The virus postponed the shooting of Stranger Things 4 which means will have to wait to see if the most beloved character Sheriff Roy Hopper is still alive. But as long as they keep promoting, I’ll be a member of their party.

 

Atlanta

I know, I know, technically this is an urban comedy. But anyone who’s watched Donald Glover’s masterpiece knows that Atlanta is anything but the typical comedy. Writer-director-star Glover has assembled a troop of writers that are willing to do more and stranger things that even some of those risky dramas are willing to try.

Who can forget ‘B.A.N’, where Paper Boi when on a black network channel to deal with a racial controversy? The commercials alone made it a masterpiece. Or the prescient Juneteenth where Earn and Van went to the title celebration that was the complete opposite  of what we know it should be about? Or FUBU, where we back to Earn’s childhood and saw just how dark things could be over a jacket?

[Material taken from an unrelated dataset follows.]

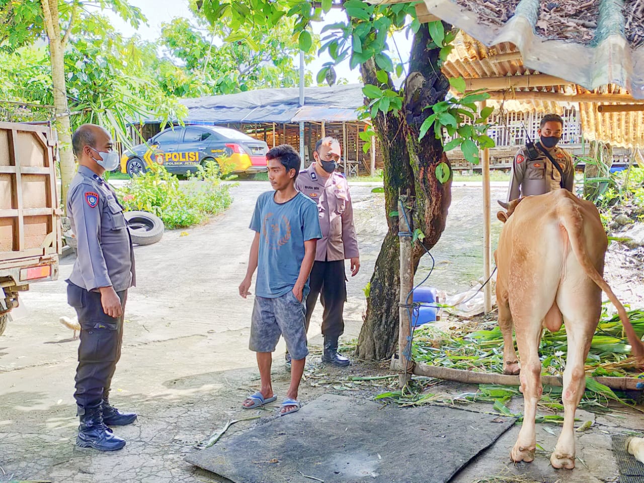 maspolin.id, Mojokerto – Menjelang Hari Raya Idul Qurban Petugas Patroli Polsek Jetis Polresta Mojokerto rutin melaksanakan monitoring pengecekan Hewan ternak di beberapa Peternak Sapi di Mojokerto Raya Hal Tersebut Dilaksanakan Guna mengantisipasi penyebaran wabah Penyakit Mulut dan Kuku (PMK) di Mojokerto Raya, Kamis (23/06/22)

Of course, all of that pales (pun definitely intended) with the show’s masterpiece (so far)  ‘Teddy Perkins’. Fringe character Darius goes to pick up a piano, and ends up having one of the most surreal experiences in television history with a former rock star who seems to have completely bleached his skin and has a completely different look on fame and success. This is one of the greatest achievements in TV history. Two years later, critics are still trying to explain it.

Atlanta will be back, though it’s hard to know when. (It was renewed for two seasons, but Glover was moving at a measured pace getting the writing done before Covid threw everything into chaos. But I want to see what happens next to Earn. I know it won’t be pretty. That’s why I want to see it.

 

Watchmen

Technically this series was one of the most realistic explorations of race in the history of the medium. That doesn’t change the fact that this limited series that served as a sequel to the groundbreaking graphic novel was one of the greatest visual and creative masterpieces in history.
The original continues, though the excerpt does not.